# Task statement
Each line below from the line with "Платье из золотой" to the line with "Cloud Software's discord" must be copied exactly, including those two, and no picture may appear in the copy.

**** Task input ****

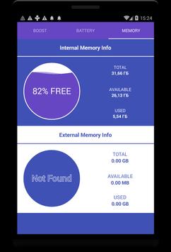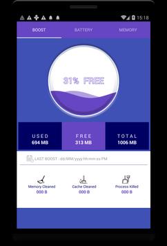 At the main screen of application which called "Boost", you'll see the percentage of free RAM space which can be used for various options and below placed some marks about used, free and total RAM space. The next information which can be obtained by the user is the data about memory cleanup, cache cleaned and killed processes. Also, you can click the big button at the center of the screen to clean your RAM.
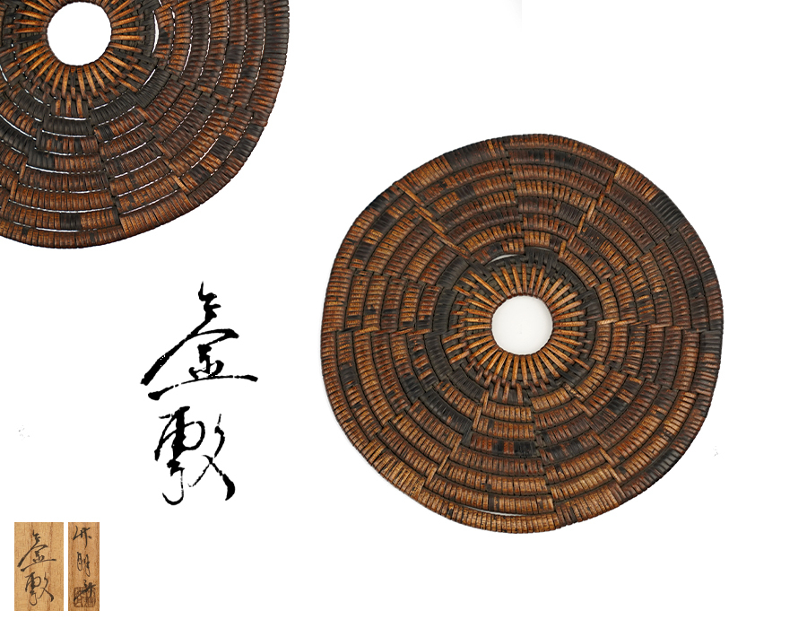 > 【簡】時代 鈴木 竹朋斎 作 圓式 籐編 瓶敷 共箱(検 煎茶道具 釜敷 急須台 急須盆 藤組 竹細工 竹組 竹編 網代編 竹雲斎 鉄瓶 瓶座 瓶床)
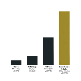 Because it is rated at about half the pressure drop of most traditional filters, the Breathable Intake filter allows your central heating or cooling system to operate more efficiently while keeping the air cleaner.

****
**** Task input ****

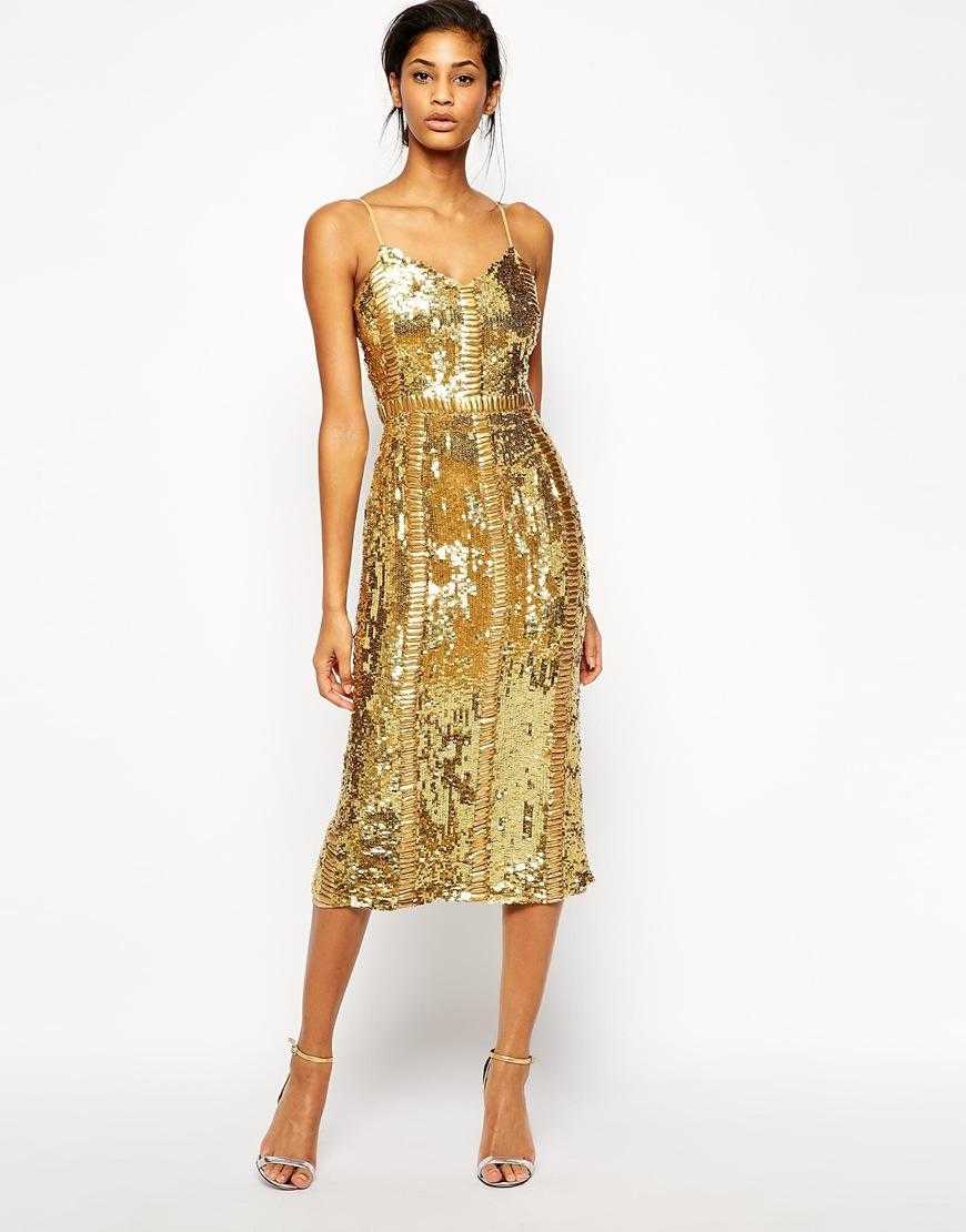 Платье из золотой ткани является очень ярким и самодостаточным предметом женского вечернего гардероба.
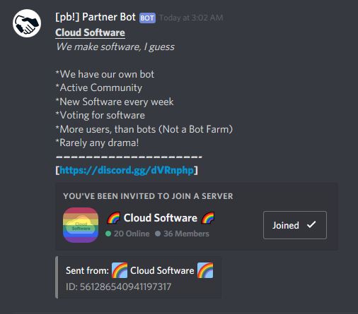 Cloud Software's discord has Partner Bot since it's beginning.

****
**** Task input ****

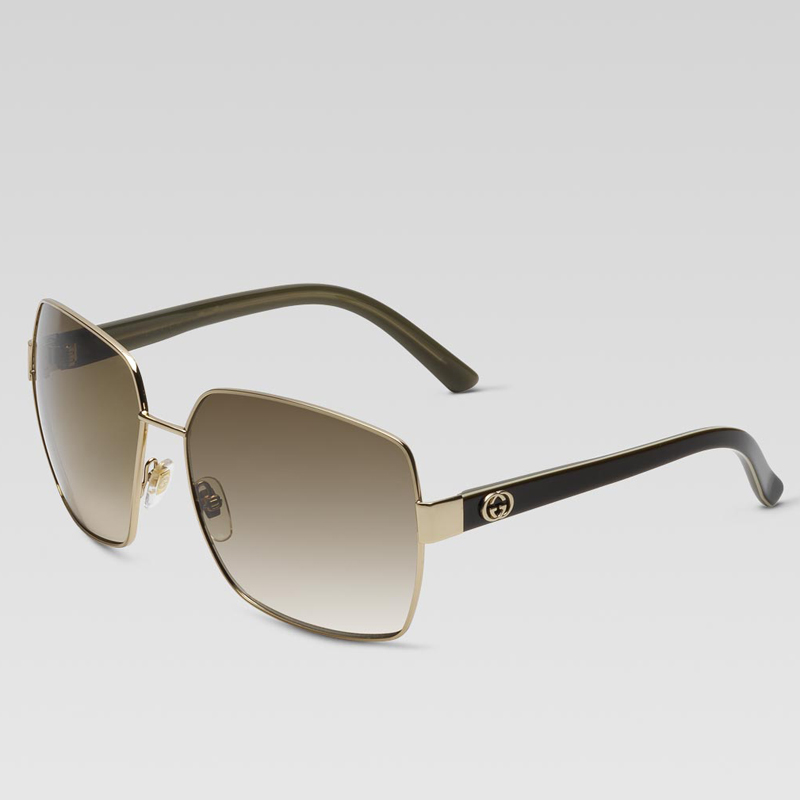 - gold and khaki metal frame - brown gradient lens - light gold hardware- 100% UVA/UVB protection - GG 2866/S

****

# Response to the task
 Платье из золотой ткани является очень ярким и самодостаточным предметом женского вечернего гардероба.
 Cloud Software's discord has Partner Bot since it's beginning.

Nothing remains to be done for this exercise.